The term “copolyamide” (abbreviated as CoPA) means the polymerization products of at least two different monomers chosen from:

• • monomers of amino acid or aminocarboxylic acid type, and preferably α, ω-aminocarboxylic acids;
  • monomers of lactam type;
  • pairs of monomers of the “diamine.diacid” type resulting from the reaction between a diamine and a dicarboxylic acid; and
  • mixtures thereof, with monomers containing a different carbon number in the case of mixtures between a monomer of amino acid type and a monomer of lactam type.

These monomers may be linear or branched or substituted, where appropriate.

According to certain embodiments, the polyamide is a homopolymer.

According to a first type, the polyamide is derived from the condensation of an aliphatic, cycloaliphatic or aromatic dicarboxylic acid, notably containing from 4 to 36 carbon atoms, preferably from 6 to 18 carbon atoms, and an aliphatic, cycloaliphatic or aromatic diamine, notably containing from 2 to 20 carbon atoms, preferably from 6 to 14 carbon atoms.

As examples of dicarboxylic acids, mention may be made of 1,4-cyclohexanedicarboxylic acid, butanedioic acid, adipic acid, azelaic acid, suberic acid, sebacic acid, dodecanedicarboxylic acid, octadecanedicarboxylic acid, terephthalic acid and isophthalic acid, but also dimerized fatty acids.

As examples of diamines, mention may be made of tetramethylenediamine, hexamethylenediamine, 1,10-decamethylenediamine, dodecamethylenediamine, trimethylhexamethylenediamine, isomers of bis(4-aminocyclohexyl)methane (BACM), bis(3-methyl-4-aminocyclohexyl)methane (BMACM), 2,2-bis(3-methyl-4-aminocyclohexyl)propane (BMACP), para-aminodicyclohexylmethane (PACM), isophoronediamine (IPDA), 2,6-bis(aminomethyl)norbornane (BAMN) and piperazine (Pip).

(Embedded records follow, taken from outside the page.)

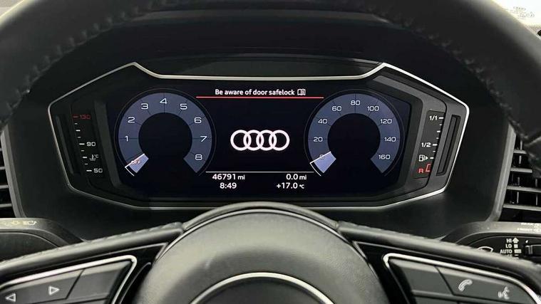 10.25" Digital instrument cluster display classis style instrument dials + speed, odometer, time, outside temperature, telephone menu + fuel level warning, Audi connect safety emergency and service including E-call, Audi drive select - power steering assistance + engine, Audi smartphone interface with connect compatible smartphone via USB directly MMI display + Nav, music, third party apps controlled via MMI controller, Automatic start/stop system, Bluetooth interface, Cruise control, Driver's information system, Electromechanical power steering, Lane departure warning system, Rear parking sensor, Service interval indicator, Speed limiter, Voice control system, Washer fluid level indicator, Dynamic suspension, 1 x SDXC card reader, 1 x USB type C and 1 USB type A charging points, DAB Digital radio, MMI radio plus with 8.8" colour MMI display screen and MMI touch, Auto dimming rear view mirror, Body coloured bumpers, Body coloured door mirrors, Electric front and rear windows, Electrically adjustable, heated, folding door mirrors with integrated LED side indicator, Front side air inlets in grained matt black and C frame in titanium black, Heat insulating glass windscreen and side windows, Heated rear windscreen, LED headlights with LED rear lights + dynamic rear indicators + headlight adjustment and high beam, turning light + LED daytime running lights, Radiator grille and rear diffuser in matt titanium black, Radiator protective grille frame in matt aluminium silver, Rain and light sensors, Rear fog lights, Rear wiper, Scandium grey tailpipe trim, Side front spoiler lips in grained matt black, 12V socket in centre console with two cup holders, 3 rear seats with headrests, 40:60 Split folding rear seat or folded fully, Door sill trims with aluminium inlay, Driver and passenger seat with manual height adjust with forward and backwards adjustment, Front head restraints, Front/rear floor mats, Height and reach adjustable steering wheel, ISOFIX child seat mounting for front passenger and outer rear seats including top tether attachment point of outer rear seats, Leather gear knob with aluminium trim, Leatherette handbrake grip, Luggage compartment light with front and rear reading lights, Manually adjustable lumbar support in front seats, Novum cloth upholstery with front sport seats, Titanium grey cloth headlining, Luggage compartment pack - A1, 3x3 point rear seatbelts, Audi pre-sense front with pedestrain and cyclist recognition, Brake assist function, Driver and front passenger airbag with front side and head airbags, Electronic Stability Control including ABS, EBD, ASR and EDL, Front and rear seatbelt reminder, Front passenger airbag deactivation switch, Hill hold assist, Seatbelt height adjustment for front seats, Seatbelt monitoring, Tyre pressure warning light, Warning triangle and first aid kit, Anti theft alarm, Anti theft wheel bolts and loose wheel warning, Immobiliser, Remote central locking with 2 foldaway keys, Aluminium trim for control switches, air vents and digital instrument cluster, Silver grey accent areas including air vents, door handle recesses and centre console in diamond paint finish, Slate grey inlays polygon structure in fine paint finish,
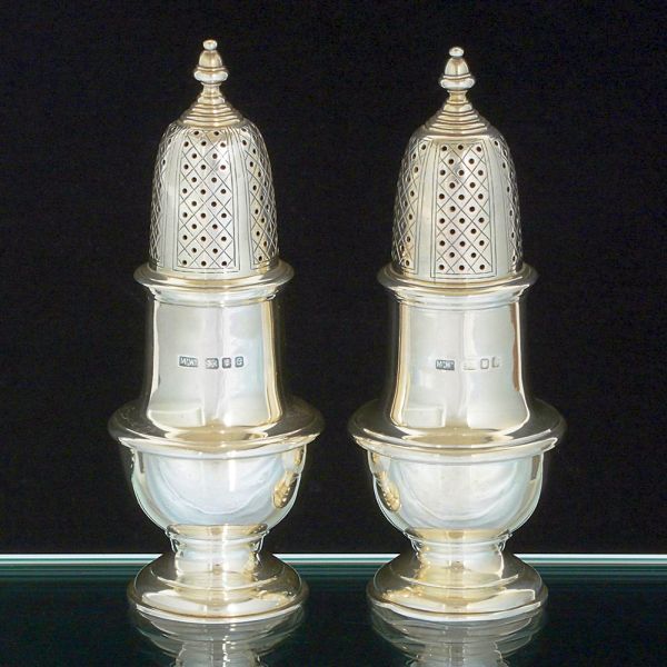 • <b>Par de polvilhadores </b>em forma balaústre lisa, em prata inglesa, com bases circulares e pega das tampas modeladas em pinha. Contraste da cidade de Londres de 1961 e marca do prateiro MAPPIN & WEBB. Alt. 16,5 cm. Peso 435 gramas.
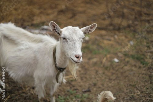 © Владимир Коврижник, Obraz premium A farmer with a black curly beard with his Anglo Nubian goats

Advantageously, the polyamide is chosen from PA 4.6, PA 4.10, PA 4.12, PA 4.14, PA 4.18, PA 6.10, PA 6.12, PA 6.14, PA 6.18, PA 9.12, PA 10.10, PA 10.12, PA 10.14 and PA 10.18. In the notation PA X. Y, X represents the number of carbon atoms derived from the diamine residues and Y represents the number of carbon atoms derived from the diacid residues, as is conventional.

In certain embodiments, the polyamide is chosen from polyamide 11, polyamide 6, polyamide 10.10, polyamide 10.12, or polyamide 6.10. Preferably, the polyamide is PA 11.

Steps i) and ii)

The indefinite article “a” or the definite article “the” before the term “polyamide” used in the process according to the invention means, in the context of the present description, “at least one polyamide”, and respectively “said at least one polyamide”.

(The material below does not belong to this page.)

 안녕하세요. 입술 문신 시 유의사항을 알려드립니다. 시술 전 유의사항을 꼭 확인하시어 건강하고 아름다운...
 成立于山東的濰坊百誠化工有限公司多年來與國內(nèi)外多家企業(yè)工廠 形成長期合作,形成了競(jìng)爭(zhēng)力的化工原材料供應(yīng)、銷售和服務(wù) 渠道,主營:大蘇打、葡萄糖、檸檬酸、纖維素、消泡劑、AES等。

Thus, in a first step i), a used polyamide composition, i.e. a used composition comprising “at least one” polyamide, is placed in contact with a solvent so as to obtain a mixture.

Preferably, only one polyamide is used in the process.

It is however possible to use a mixture of several, notably two polyamides. Preferably, such a mixture comprises a predominant polyamide, notably representing more than 80% by weight of the total weight of polyamides used in step i), so as to obtain coprecipitation of the polyamide mixture.

In certain embodiments, the solvent which is placed in contact with the polyamide may be chosen from: ethanol, propanol, butanol, isopropanol, heptanol, formic acid, acetic acid, N-methylpyrrolidone, N-butylpyrrolidone, butyrolactam, caprolactam.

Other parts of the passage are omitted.